The financial squeeze will tarnish an American model already being challenged by China and oil-rich nations. The Chinese are promoting their brand of authoritarian state with mixed state-private ownership of the economy; they are investing heavily in infrastructure in developing countries. The Chinese model is likely to have growing appeal.

Oil-rich nations such as Russia and the Arab Gulf states have so-called sovereign-wealth funds – state-investment companies flush with oil money – that are ready to invest globally at a time when capital flows in America are frozen.
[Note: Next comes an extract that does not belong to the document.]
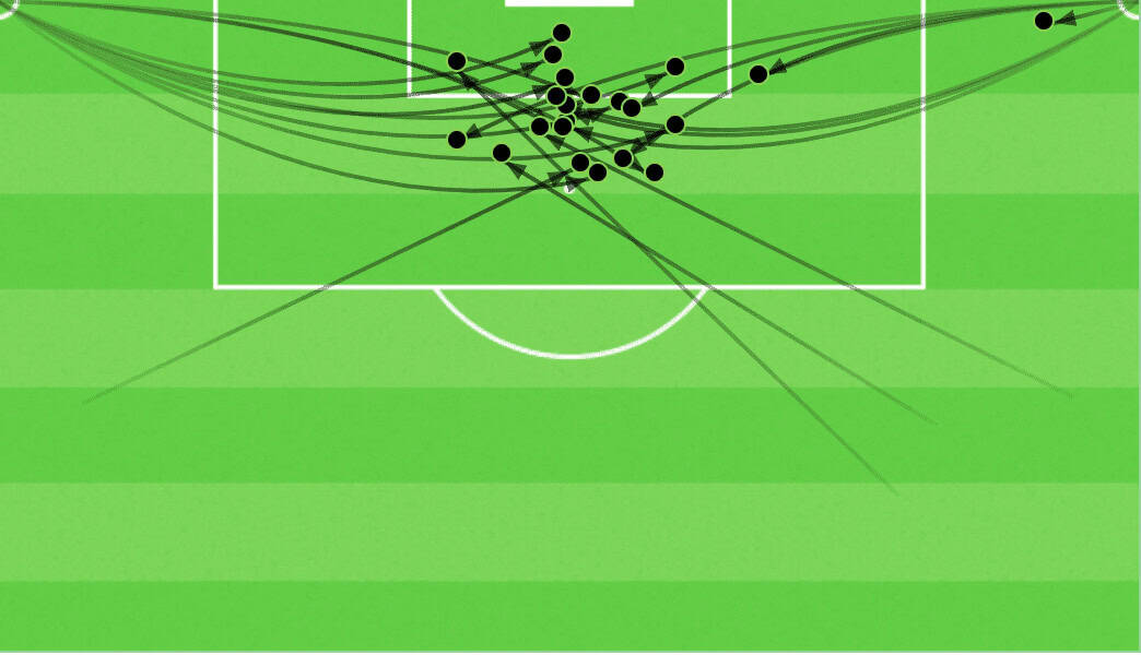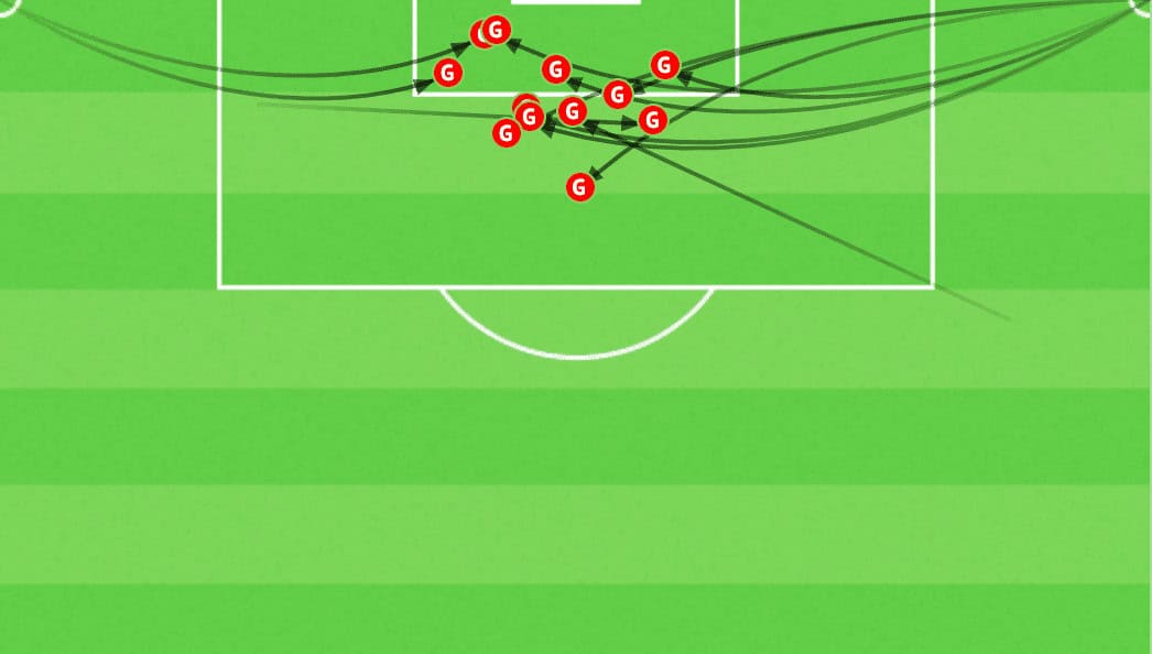 If we looked at all their conceded goals in 2021/22 defensive corners, the most catastrophic area is around the same space we pointed out above. Only one of them

Economic upheaval at home may also constrict our ability to deliver aid to poorer nations. U.N. Secretary-General Ban Ki-moon is clearly worried that America would be less willing to contribute to global projects on relieving poverty and HIV-AIDS.

“The global financial crisis endangers all our work,” he said at the General Assembly opening. “We need a new understanding on business ethics and governance, with more compassion and less uncritical faith in the ‘magic’ of markets.”

The domestic economic mess may also make it harder for the next U.S. president to spend funds for projects abroad where America has crucial security interests. Congress, for example, may be unwilling to endorse current bipartisan plans for billions in new economic aid to Pakistan to try to counter the appeal of jihadi terrorists in tribal areas.

Bush’s foreign-policy legacy – already defined by errors in the Middle East – will be further scarred by this debacle. Let’s hope the situation doesn’t get any worse.

Trudy Rubin is a columnist and editorial-board member for the Philadelphia Inquirer.